Error extracting sentences from Japanese PDFs

emesterhazy / glossika-to-anki

Convert Glossika PDFs and audio files into Anki decks

MIT License

32 stars 8 forks source link

Error extracting sentences from Japanese PDFs #2

Closed WannabeNihonjin closed 6 years ago

WannabeNihonjin commented 6 years ago

I really have no clue what I'm doing wrong, I've been working on this for 2+ hours. I have the mp3split folder in the python folder and when i use the glossika_split_audio all that happens is python pops up for half a second and then goes away.

Please help

WannabeNihonjin commented 6 years ago

I found someone who had used this before and he got the audio files to split no problem(still dont know what I did wrong)but now the genanki file doesnt do anything when I have both the split files and the txt doctuments in the output folder. Have no clue what to do.

deepakjois commented 6 years ago

So I am the person who has been helping @WannabeNihonjin

The Glosssika PDFs throw an error during the extraction step. Here is a sample output on my setup:

$ python glossika_extract_pdf.py 

Processing 3 files...

Processing  GLOSSIKA-ENJA-F1-EBK.pdf...error
Something went wrong...found 0 sentences instead of 1,000
Processing  GLOSSIKA-ENJA-F2-EBK.pdf...error
Something went wrong...found 0 sentences instead of 1,000
Processing  GLOSSIKA-ENJA-F3-EBK.pdf...error
Something went wrong...found 0 sentences instead of 1,000
PDF extract complete!

It looks like it needs a similar fix to Cantonese that you made earlier.

emesterhazy commented 6 years ago

Thanks @deepakjois. The script identifies the beginning of each sentence by looking for a character or set or characters that indicate the start of a phrase.

Based on the information you shared, I think the "日" character on this line should be changed to "JA".

'JA': ['EN', '日', 'ROM'] # Japanese (before) 'JA': ['EN', 'JA', 'ROM'] # Japanese (after)

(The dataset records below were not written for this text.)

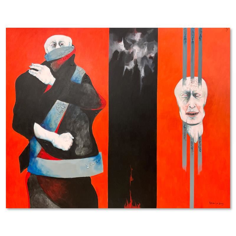 This is an original painting on stretched canvas by Milton Berwin (1925-2023), hand signed by the artist. Includes Letter of Authenticity. Measures approx. 48" x 60" (image).
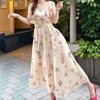 2025 Otoño Nuevo Moda Transfronteriza Europea y Americana Casual Bloque de Color Estampado Patchwork Plisado Entallado Vestido Largo para Mujer
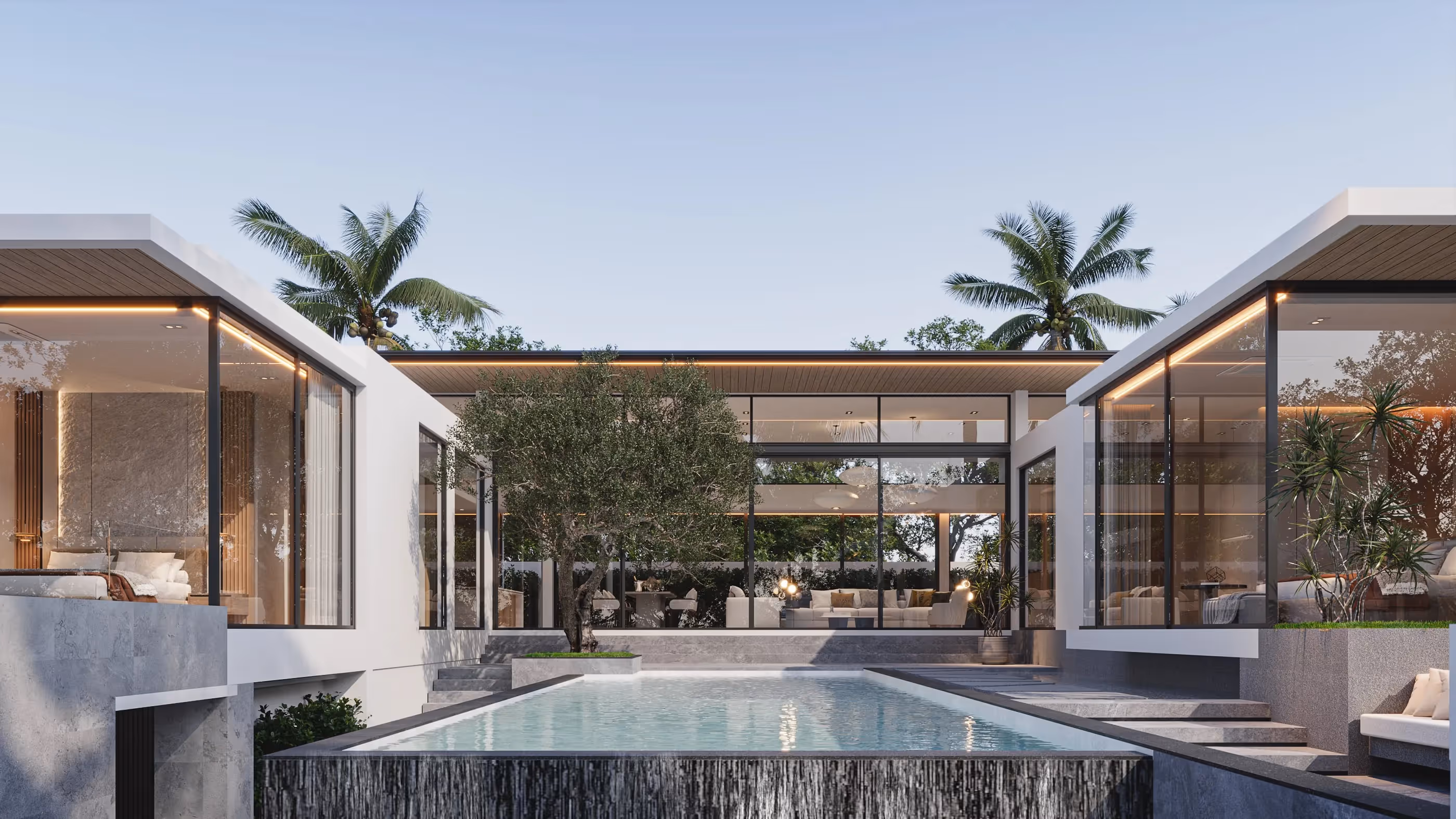 • Contemporary tropical architecture with panoramic windows, open spaces, and premium materials.
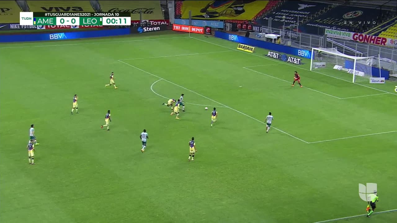 ¡Gol! América 0| León 1. Víctor Dávila (León) zurdazo desde el centro del área.
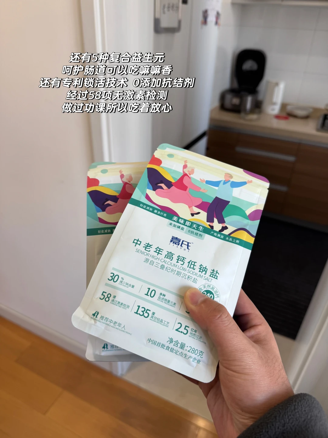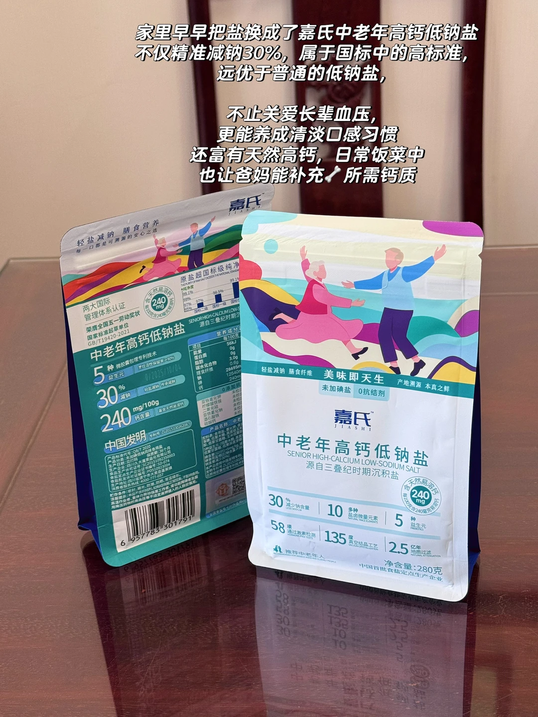 家里早早把盐换成了嘉氏中老年高钙低钠盐
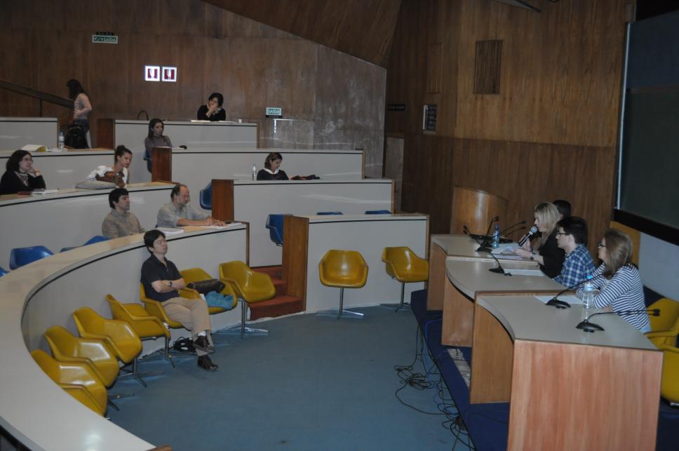 Na plateia na primeira fila: prof. João Masao Kamita; na segunda fila da esq. p/ dir.: prof. Leonardo Pereira e o prof. Marco Antônio Pamplona.

Can you test this change and let me know if it works? I'll investigate whether some versions of the PDFs use 日 instead of JA before pushing a fix to the repo.

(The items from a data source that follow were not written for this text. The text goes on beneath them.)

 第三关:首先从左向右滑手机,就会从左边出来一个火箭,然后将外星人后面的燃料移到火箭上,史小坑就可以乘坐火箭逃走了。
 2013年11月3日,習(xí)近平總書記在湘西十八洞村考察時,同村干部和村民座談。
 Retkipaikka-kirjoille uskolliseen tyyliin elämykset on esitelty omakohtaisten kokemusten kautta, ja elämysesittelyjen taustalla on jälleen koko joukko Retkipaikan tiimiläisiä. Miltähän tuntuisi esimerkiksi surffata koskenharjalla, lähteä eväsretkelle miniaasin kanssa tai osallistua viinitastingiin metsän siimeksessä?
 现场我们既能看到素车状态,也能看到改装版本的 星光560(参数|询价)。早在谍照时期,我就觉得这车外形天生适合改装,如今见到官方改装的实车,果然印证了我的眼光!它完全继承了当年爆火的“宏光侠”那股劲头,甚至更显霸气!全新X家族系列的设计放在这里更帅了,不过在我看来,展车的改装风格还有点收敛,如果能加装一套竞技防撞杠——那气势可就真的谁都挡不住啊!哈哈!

deepakjois commented 6 years ago

I made that change in the script here, and it seems to work:

$ python glossika_extract_pdf.py 

Processing 3 files...

Processing  GLOSSIKA-ENJA-F1-EBK.pdf...complete
Processing  GLOSSIKA-ENJA-F2-EBK.pdf...complete
Processing  GLOSSIKA-ENJA-F3-EBK.pdf...complete
PDF extract complete!

@WannabeNihonjin please check your email for Anki deck.

WannabeNihonjin commented 6 years ago

Thank you both for all the help, the deck works perfectly.

emesterhazy commented 6 years ago

This is fixed now in the commit above.